Records excerpted from a collection:
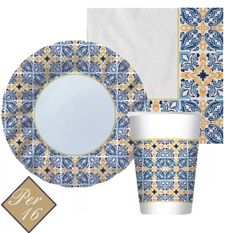Un bellissimo kit festa maioliche di Positano composto da: 16 piatti grandi, 16 bicchieri e 40 tovaglioli di carta..
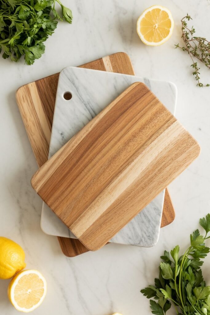 Not only practical but also photogenic — neutral cutting boards double as serving platters and decorative accents. Mix marble with light acacia for a layered look.
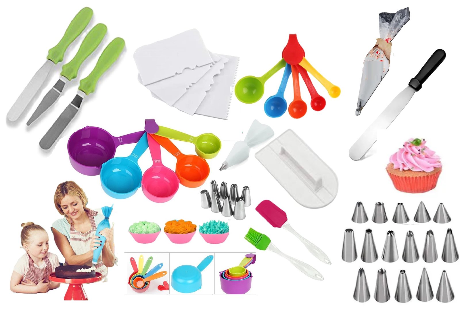 ack included – 3 units stainless steel cake decorating ganache knife , 1 unit pallet knife, 5 unit measuring spoons, 5 unit measuring cups, 1 smoother, 4 units scraper tools, 12 units mixed design nozzles , 1 nit silicone brush , 1 unit silicon spatula, 68pcs icing bags
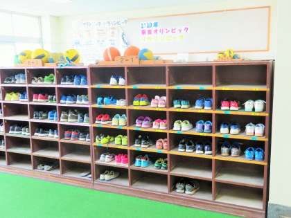 朝遊び、朝ランニング後の下駄箱です。靴のかかと、履き物がきちんと整っています。子どもたちの「心が整っている」からこその姿です。
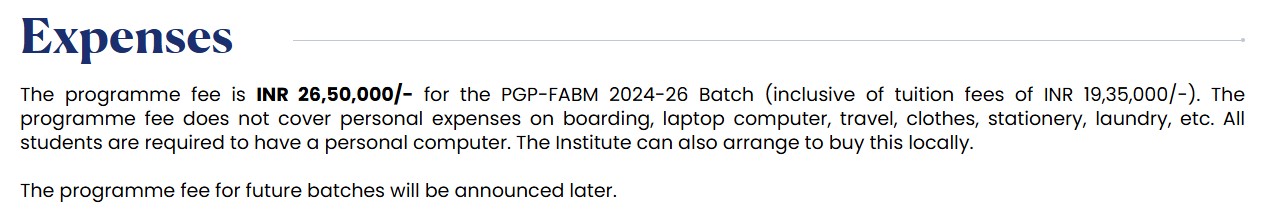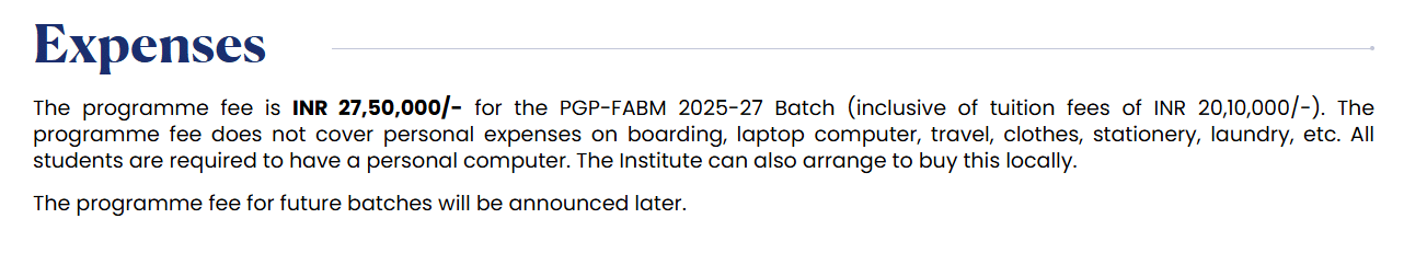 The total cost of the 2-year PGP-FABM program (2025–27 batch) is INR 27,50,000. This includes tuition fees of INR 20,10,000, with the remaining covering other institute-related charges.
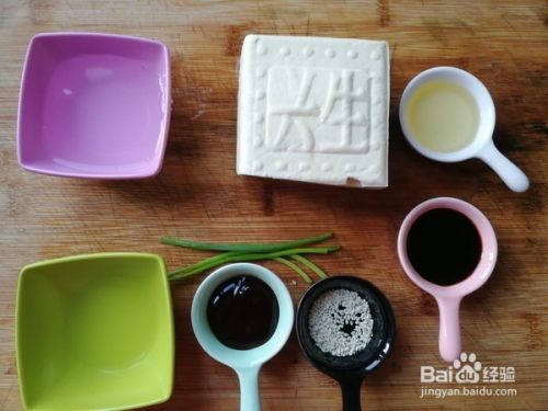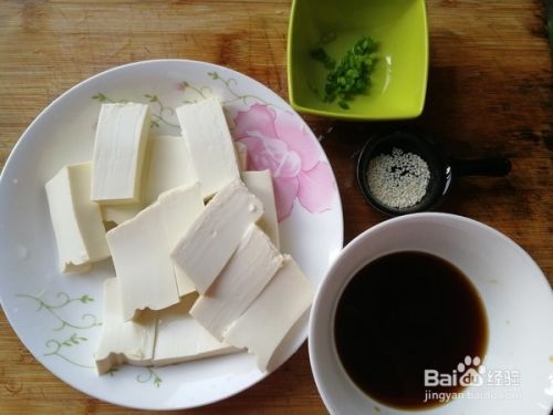 豆腐清洗干净,切成合适大小的块状。然后葱切成葱花,除了芝麻,其余配料倒入碗里,然后搅拌均匀,调成浇汁。
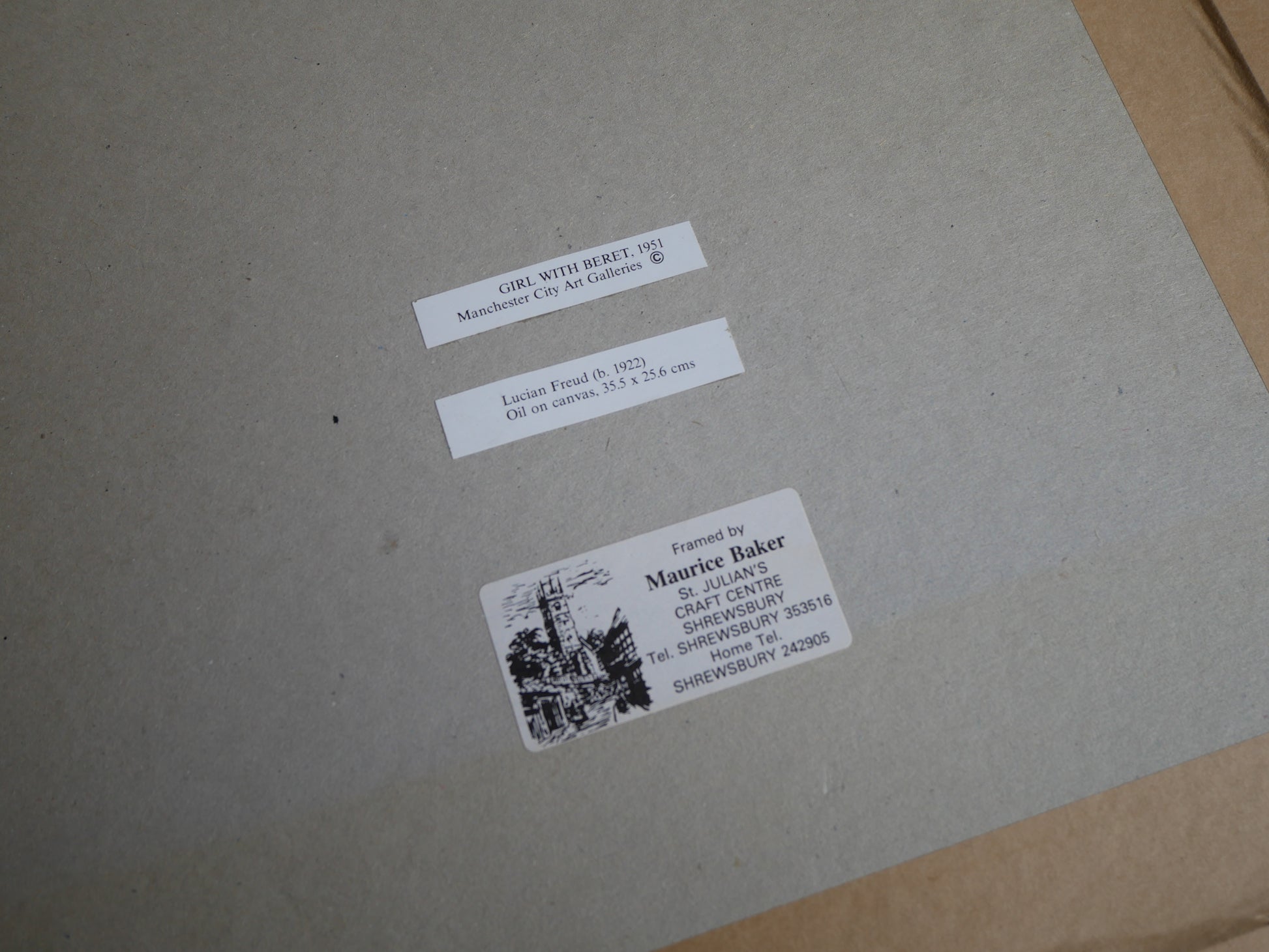 Vintage Framed Lucien Freud Print of a Girl with Beret
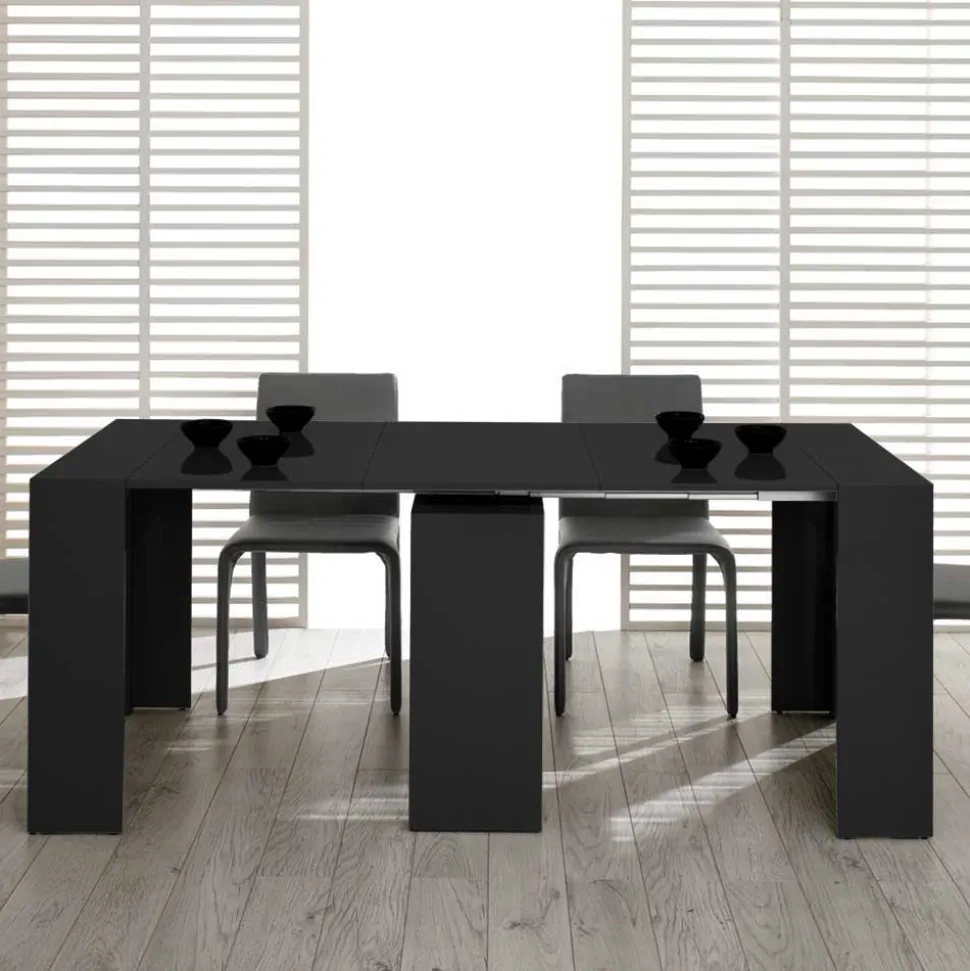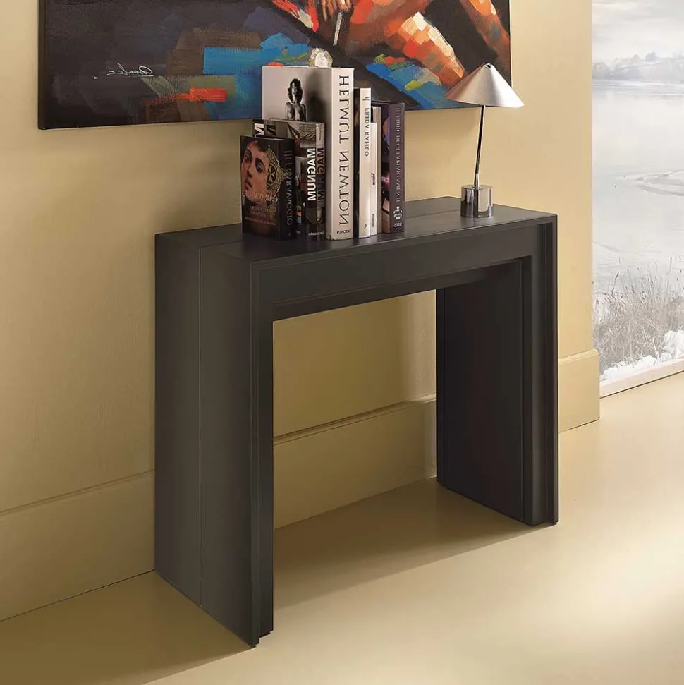 - Der Konsolentisch ist mit Hilfe der fünf Verlängerungen in einen Esstisch umbaubar
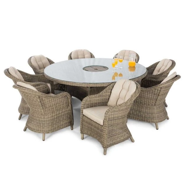 Maze Rattan Winchester 8 Seat Round Dining Set with Rounded Chairs, Ice Bucket & Lazy Susan:
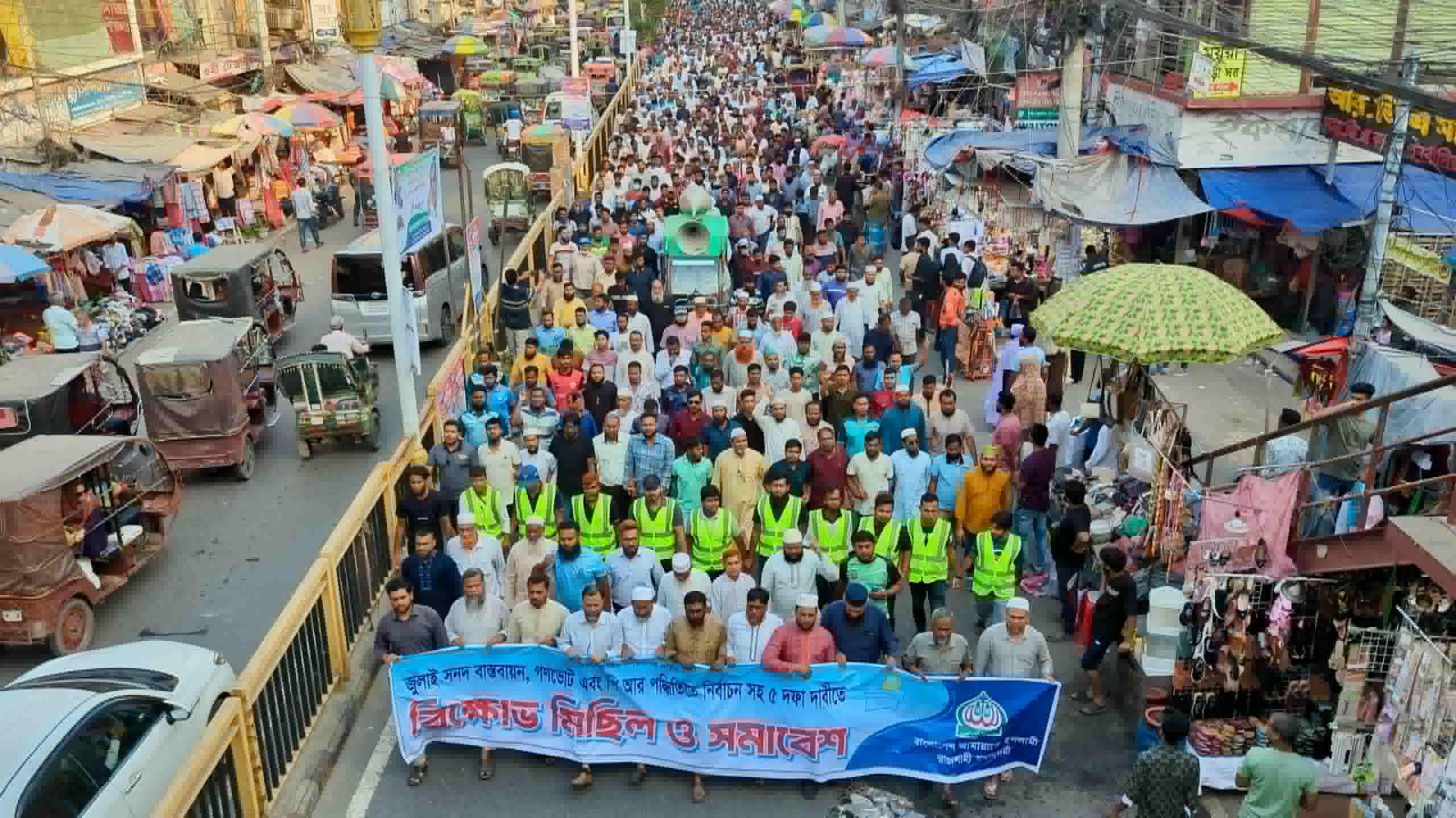নিজস্ব প্রতিবেদক: বাংলাদেশ জামায়াতে ইসলামী রাজশাহী মহানগরীর উদ্যোগে ‘জুলাই সনদের বাস্তবায়ন, গণভোট এবং পি.আর পদ্ধতিতে নির্বাচনসহ ৫ দফা দাবিতে রাজশাহীতে জামায়াতের বিক্ষােভ সমাবেশ অনুষ্ঠিত হয়েছে। শনিবার বিকেল ৩ টায় রাজশাহী নগরীর গণক পাড়া মোড়ে কেন্দ্রীয় কর্মসূচির অংশ হিসেবে বিক্ষােভ সমাবেশ অনুষ্ঠিত হয়েছে।
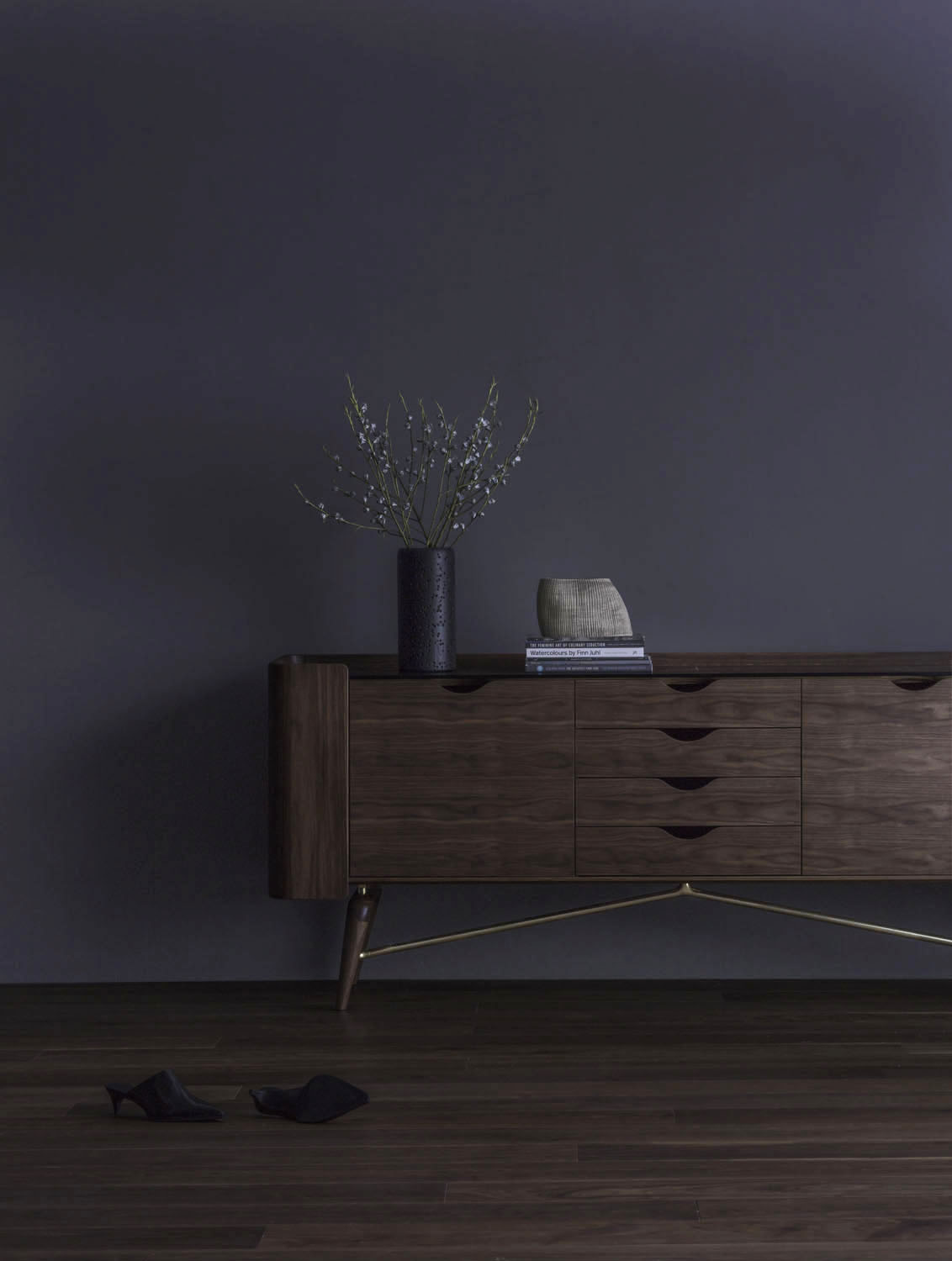 LANGHAMはNoirシリーズの中で最も代表的な作品になります。 木製の三面一体の作りになっていて、まるで馬術騎士のスカートのようです。 この 「騎士のスカート 」のデザインは、Noirシリーズで広く用いられています。 「スカートの両脇には2枚の隠し扉があり、開けると広い収納スペースが現れます。 スカートの木目と引き出しの木目は対照的で、自然の美しさが鮮明に表し、スタイリッシュなデザインになります。

### WHAT THIS TASK INVOLVES
Copy out the lines above from the line containing "朝遊び、朝ランニング後の下駄" through the line containing "Maze Rattan Winchester", exactly, and keep the pictures out.

### EXERCISE ANSWER
 朝遊び、朝ランニング後の下駄箱です。靴のかかと、履き物がきちんと整っています。子どもたちの「心が整っている」からこその姿です。
 The total cost of the 2-year PGP-FABM program (2025–27 batch) is INR 27,50,000. This includes tuition fees of INR 20,10,000, with the remaining covering other institute-related charges.
 豆腐清洗干净,切成合适大小的块状。然后葱切成葱花,除了芝麻,其余配料倒入碗里,然后搅拌均匀,调成浇汁。
 Vintage Framed Lucien Freud Print of a Girl with Beret
 - Der Konsolentisch ist mit Hilfe der fünf Verlängerungen in einen Esstisch umbaubar
 Maze Rattan Winchester 8 Seat Round Dining Set with Rounded Chairs, Ice Bucket & Lazy Susan:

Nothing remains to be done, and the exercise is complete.